To remind you how scary this ice-clogged river is, the artist (a German; most of the good battle paintings are by Germans) put a drifting tree on an ice floe in the background. Snag that and no more tactical surprise, just some rusty muskets for the local kids to fish out come summer.
And even further back there’s another flatboat with horses. You have to wonder what the horses thought. They don’t look too happy with the whole project: first this, then we get shot at? What’s cool is that the horses are all rearing and twisting, and their shape overall is like exactly the same as the famous one in this painting, with Washington as the crest of the mid-boat mountain and all the other guys on the boat as the foothills. Which come to think of it is the same shape as that Iwo Jima picture.
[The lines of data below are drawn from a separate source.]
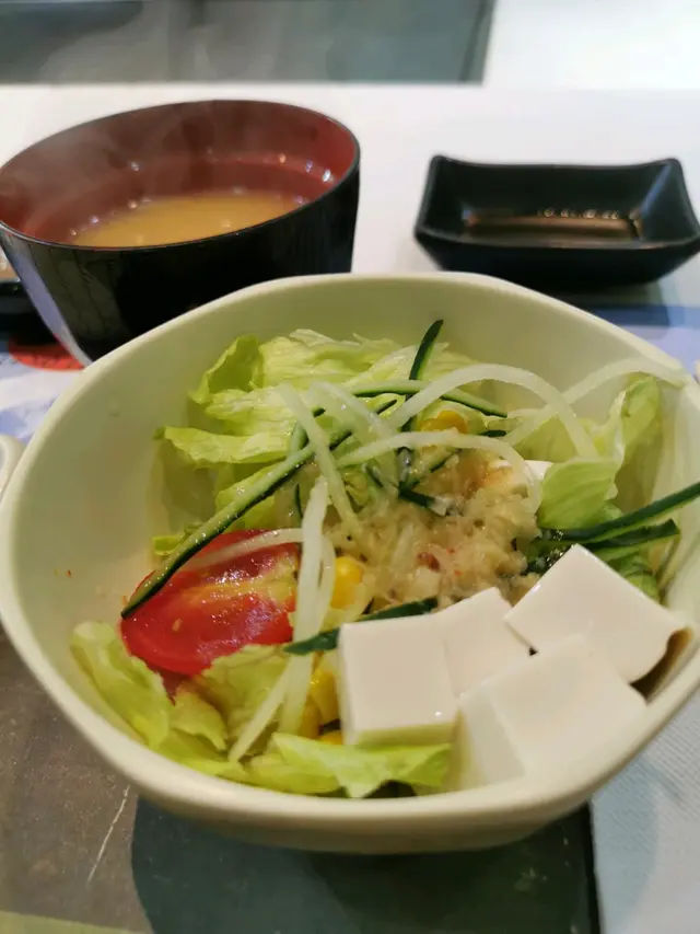 先嚟嘅係豆腐沙律同麵豉湯,沙律酸酸甜甜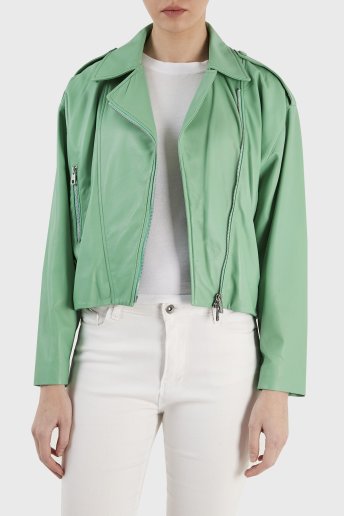 Düşük Omuz Fermuarlı Hakiki Bayan Deri Ceket D4NB64 D2P71 504 YEŞİL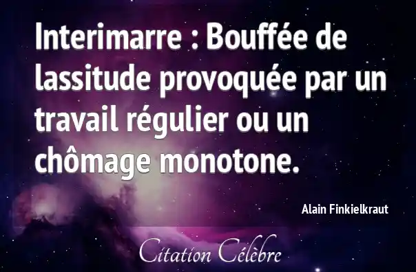 Interimarre : Bouffée de lassitude provoquée par un travail régulier ou un chômage monotone.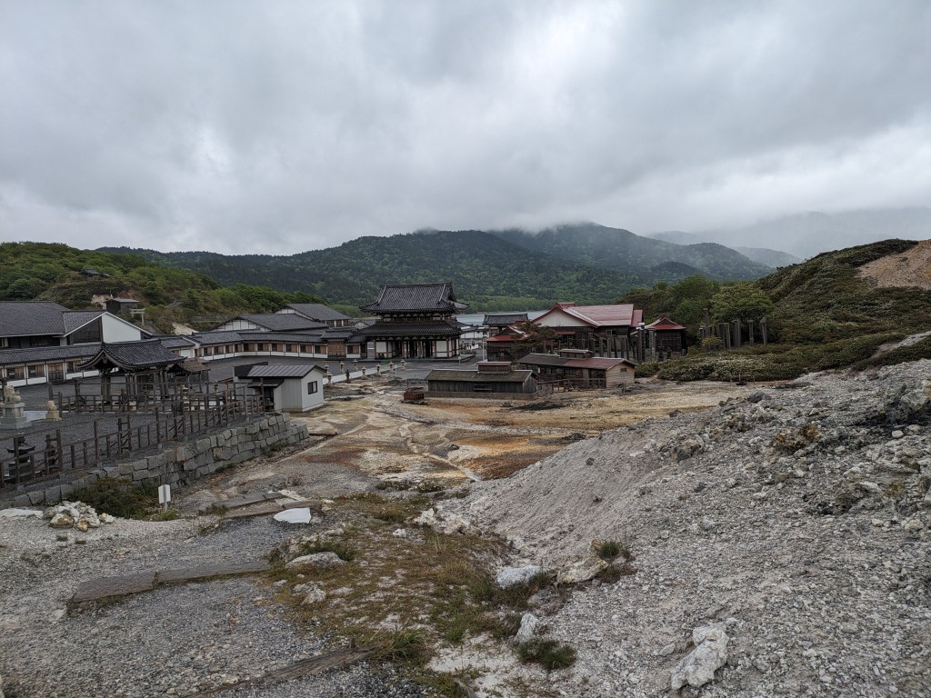 The heavens opened so we beat it back to the car. Another tourist bus arrived. We drove the last kilometres to the hotel. We had a reservation in The Only Ryokan in Town.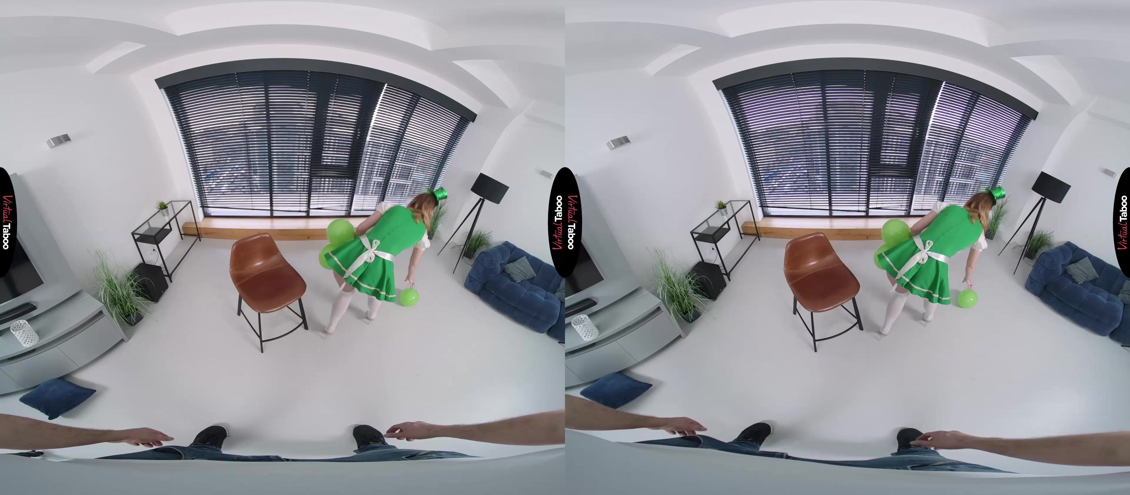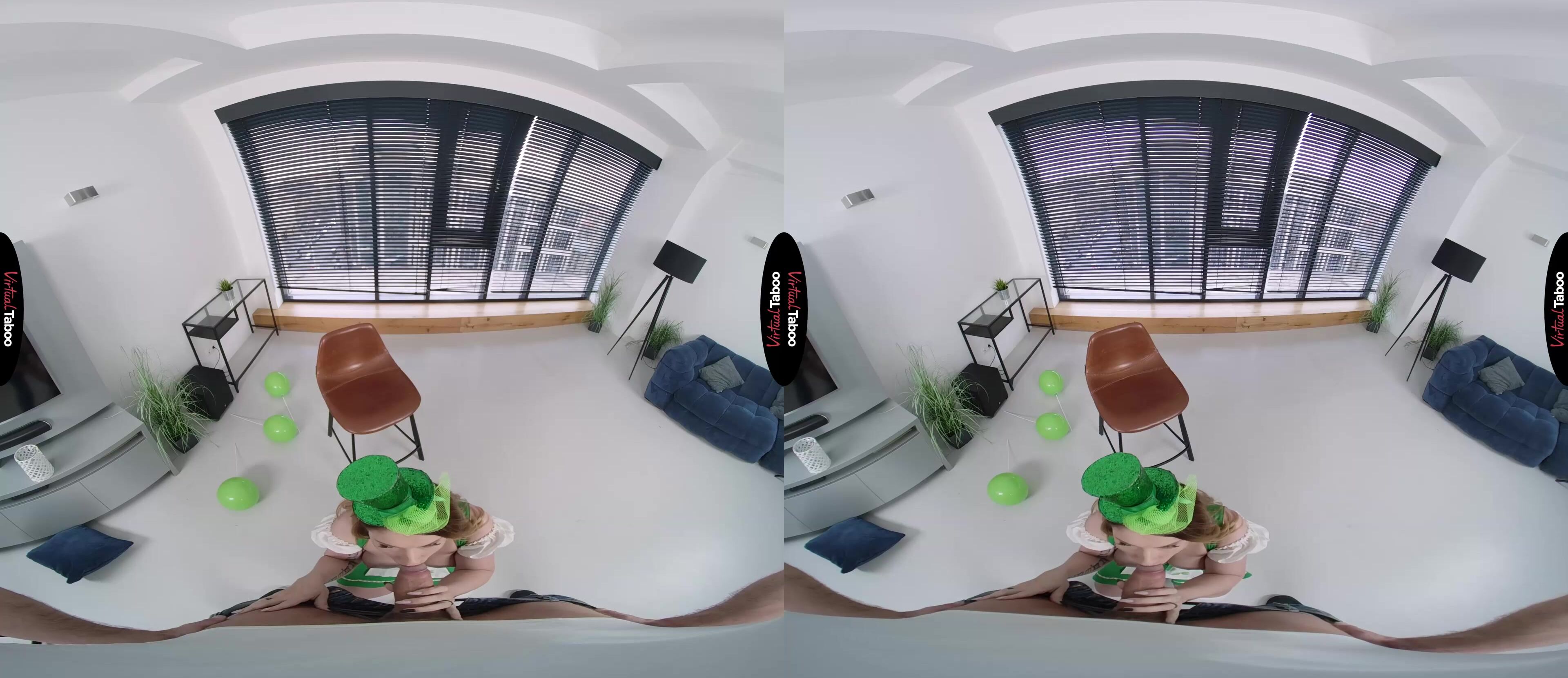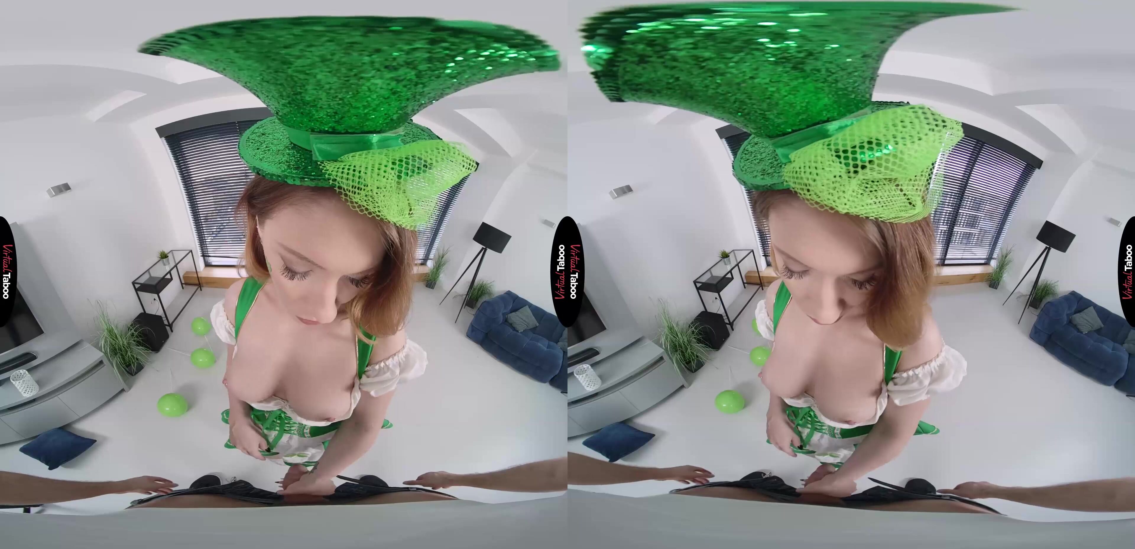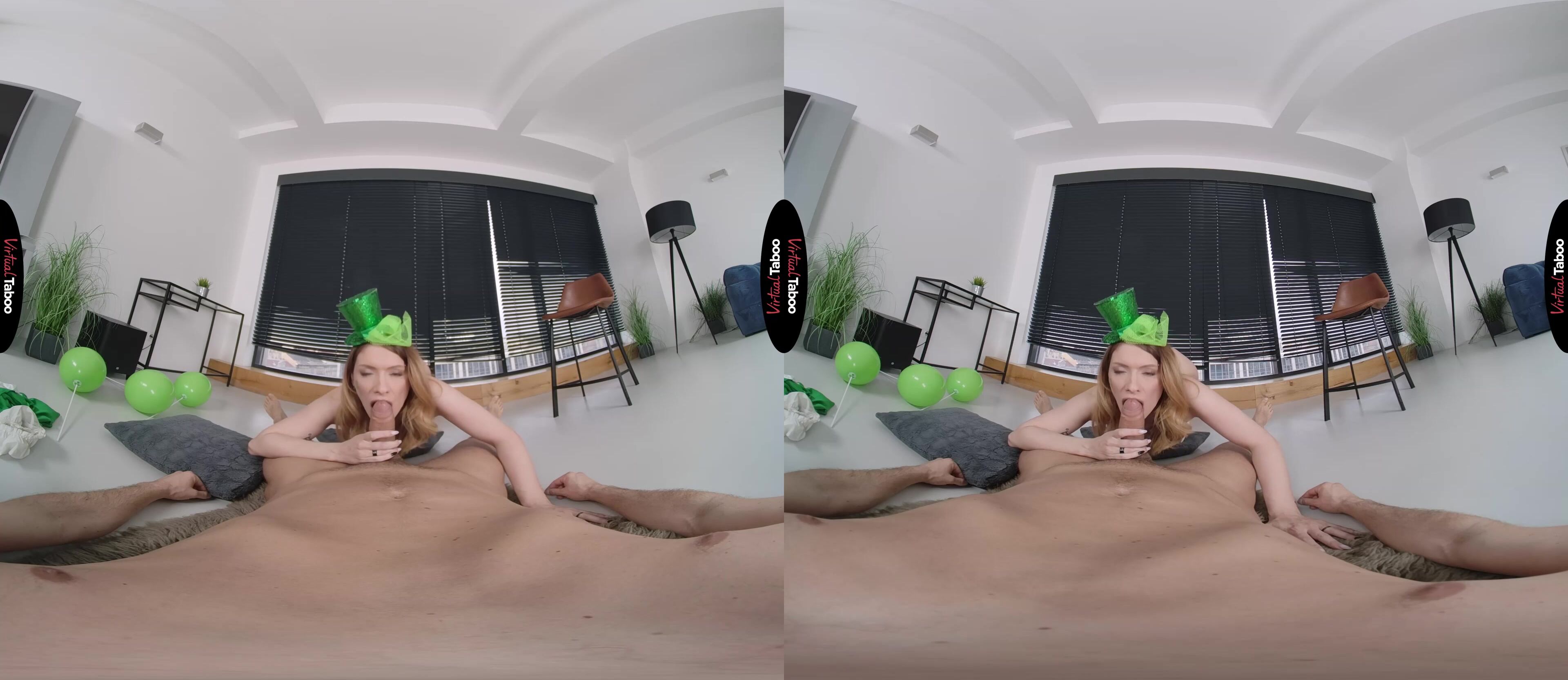 It’s St. Patrick’s Day and this year Sata Jones plans to go all out for the celebration. After two years of staying home, she has a big night planned with her friends. She also has her eyes on a special guy and wants to make sure that her outfit is going to catch his eye. When she is all dressed up and ready to go, Sata tries to get her stepbrother to come along. At first, you resist, so she decides to give you some incentive. In this VR porn scene, she bends over and shows you that she isn’t wearing any panties. This gets your attention, but also leads to something she didn’t expect. Your cock is rock hard and way bigger than she ever imagined. It seems the sight of her naked pussy has you interested in acting on the slutty step sister fantasies you have jerked off to with your VR headset. Looking at your big dick, Sata decides that staying home seems like a pretty great idea. Why bother leaving the house when she has such a big hard cock ready for her at home? She gets on her knees and you show no objection as she slides her lips over the head of your dick and down the throbbing shaft. Sata wanted to get laid tonight and there is no way they are going to make the party so she bends over and lifts her skirt. Your cock hits all the right spots as you fuck her better than any of the guys she has been dating. She gets so excited and caught up in her own orgasm that she forgets to tell you to pull out. They hope their luck doesn't run out so they can have many more fun nights together.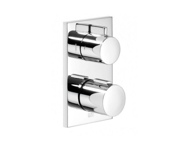 Смеситель для душа, Dornbracht, тип открывания воды-двухвентильный, тип регулирования воды-термостатический картридж, тип установки-встраиваемый, отверстия для монтажа-2, внутренняя часть-необходимо заказать, цвет-хром, без регулирования расхода, в комплекте-2x втулка с переходником с возможностью укорочения, гидрораспределитель и контроль объема подачи воды с керамическими шайбами, накладная панель,мм-150*90, ручка с рычагом, ручка со шкалой и стопором на 38°, ограничитель температуры горячей воды, предварительно настраиваемый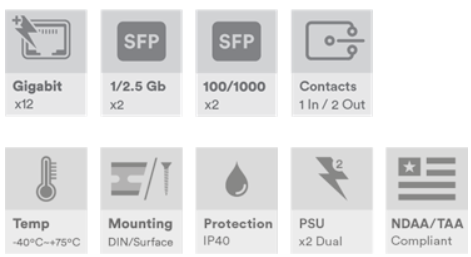Industriell 16-porters administrert svitsj, 12 x 10/100/1000Base-T(x) RJ45-porter med 802.3at 30W PoE, 2 x 100/1000Base-FX SFP-porter, 2 x 100/1000/2.5G Base-FX SFP-porter, DIN-skinne/veggmontering, -40°C til +75°C, 50–56VDC strøminngang
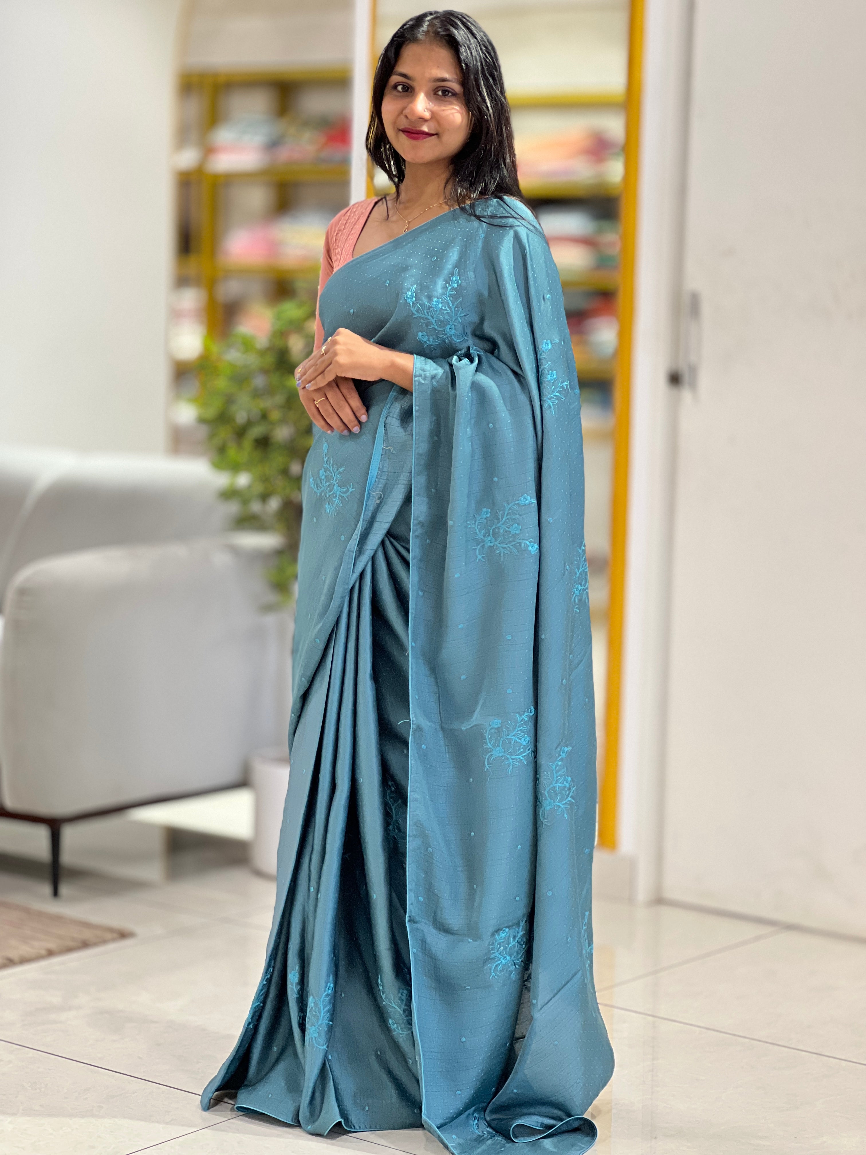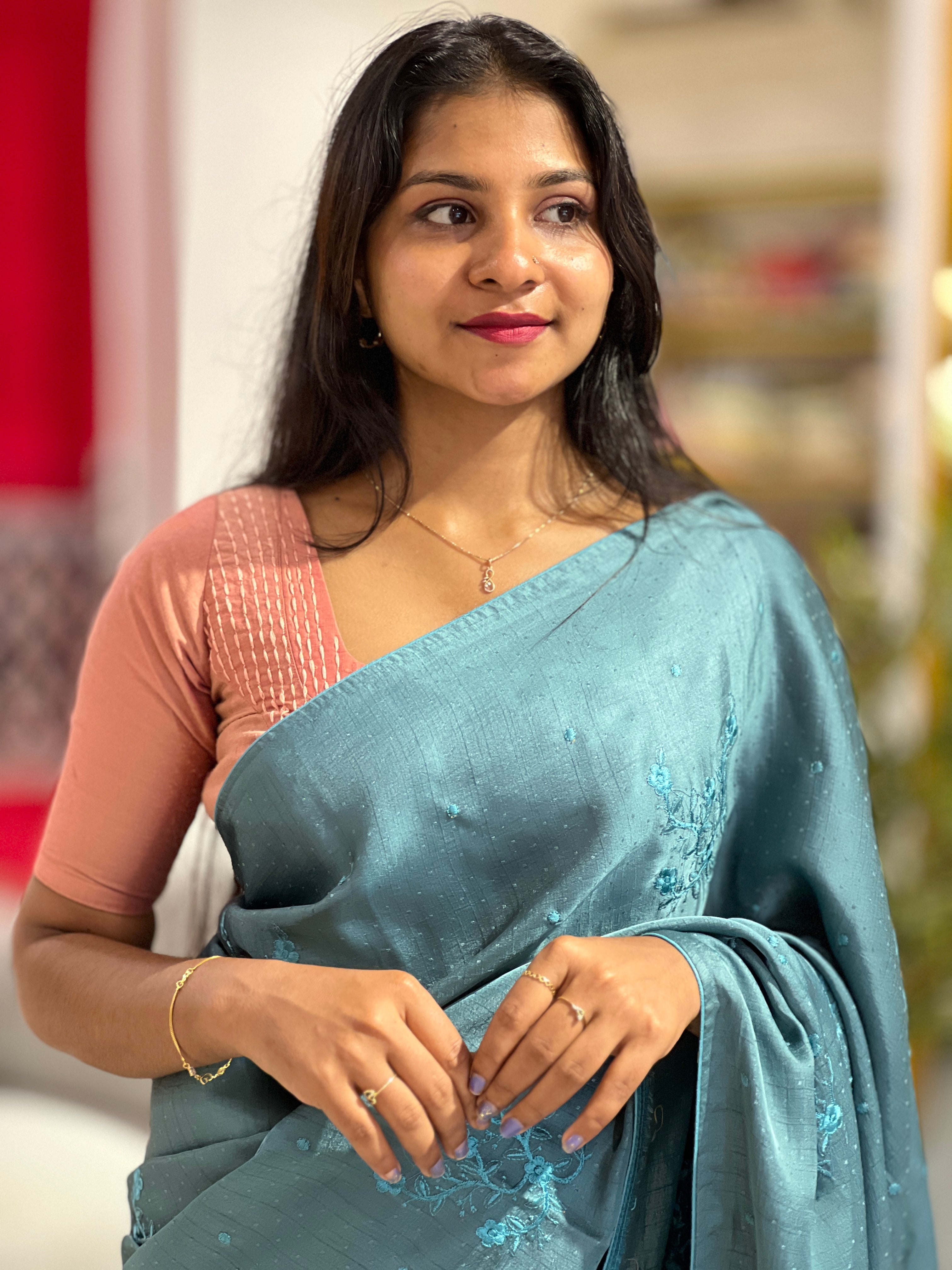 - Style: Scattered Floral Embroidery Detailing With Polka Dot Embroidery Butas, Piping Finished Edges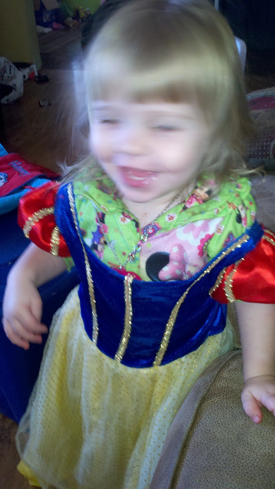 Other exciting news: E. Belle has discovered princess dresses! When she put this Snow White dress on, she twirled immediately, and then again three or four times (sorry about the blurriness….I was using my phone camera).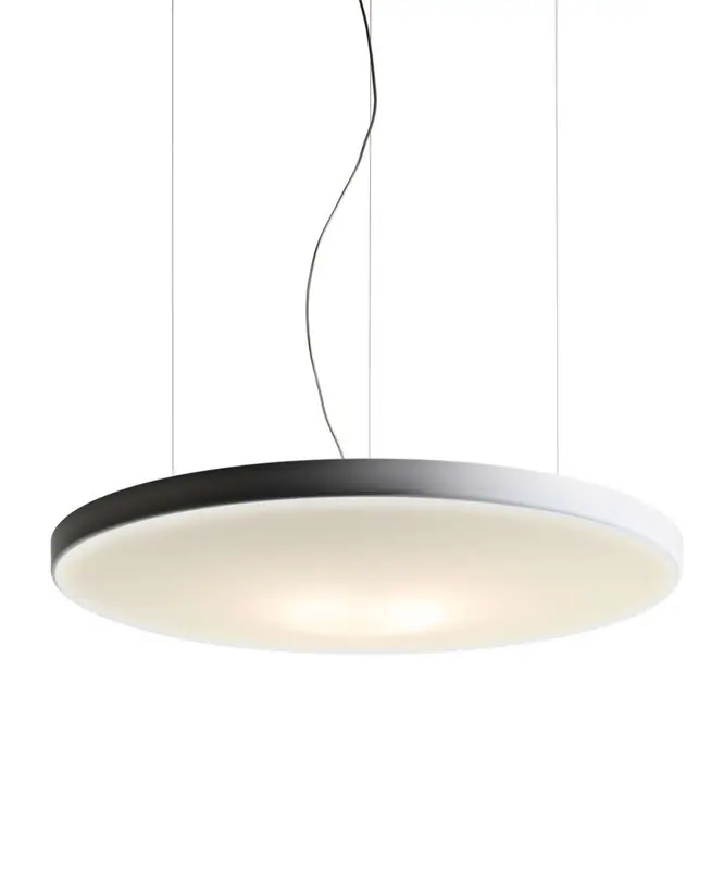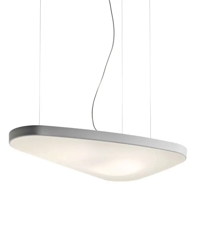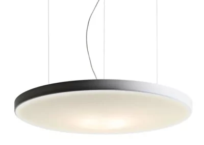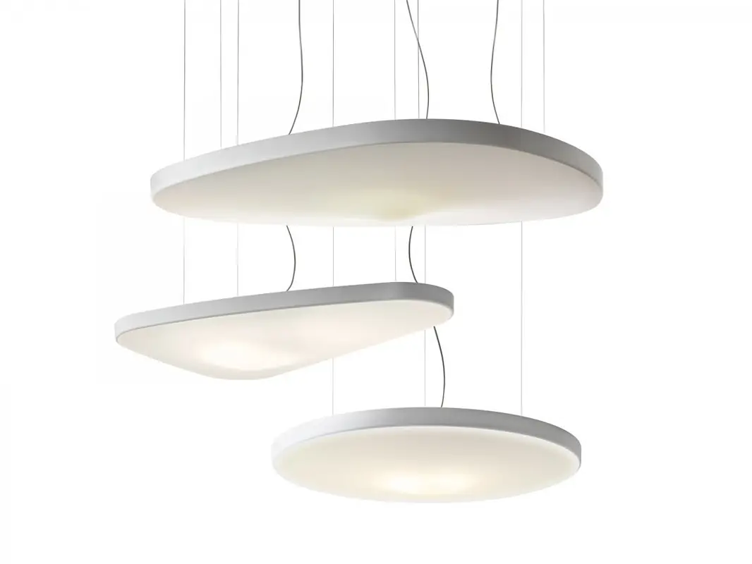 « Une suspension de forme organique dissimulant la magie du silence: le corps de la lampe, recouvert d’un tissu blanc, est constitué d’un panneau insonorisant qui améliore le confort acoustique dans l’espace. Disponible en trois dimensions. »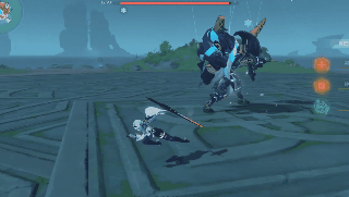 这个技能只会在第二阶段出现。剑鬼向后闪身,并在原地留下一个幻影进行连携攻击。如果留下的是风属性幻影,连携攻击会是向玩家方向的连续的风刃攻击,幻影会发射一道风刃,boss本体则发射3到4道风刃。这个技能可以通过绕着boss按住加速跑一个大圈来处理,大圈的半径与场地半径差不多即可。

The flag’s in the same position too, half-up and rising, the only thing higher than Washington’s head.
They made the bank, of course. Surprised the drunk Hessians, who tried to form a defensive line among the little houses of what would someday be one of America’s finest ghettoes and were sniped by those pesky Continental riflemen the Brits came to hate as much as the French had hated the Brit longbowmen. Col. Rahl was killed, probably mourning the fact that he’d been shot in the liver before it had processed its rightful gallon of raw alcohol. Famous last words: “Some Christmas this was!”
But it was, for the other side. Nobody mentions it much in the books, but battle involves a lot of fast food, not to mention fast drink, and I imagine that between mopping up the Germans and getting back to army food, there was a lot of diving into the Hessians’ leftovers. Many a Continental was wobbly when they formed up again, I bet, and not just dizzy with victory either. And Howe wasn’t happy at all.
See? Those were the days. Oh, you can say “Chosin Resevoir” all you want, and true, it was glorious, but that was 60 years ago and it gives me a pain to talk Korea now.
Hyundai vs. Autism: whoop de doo and happy thanksgiving.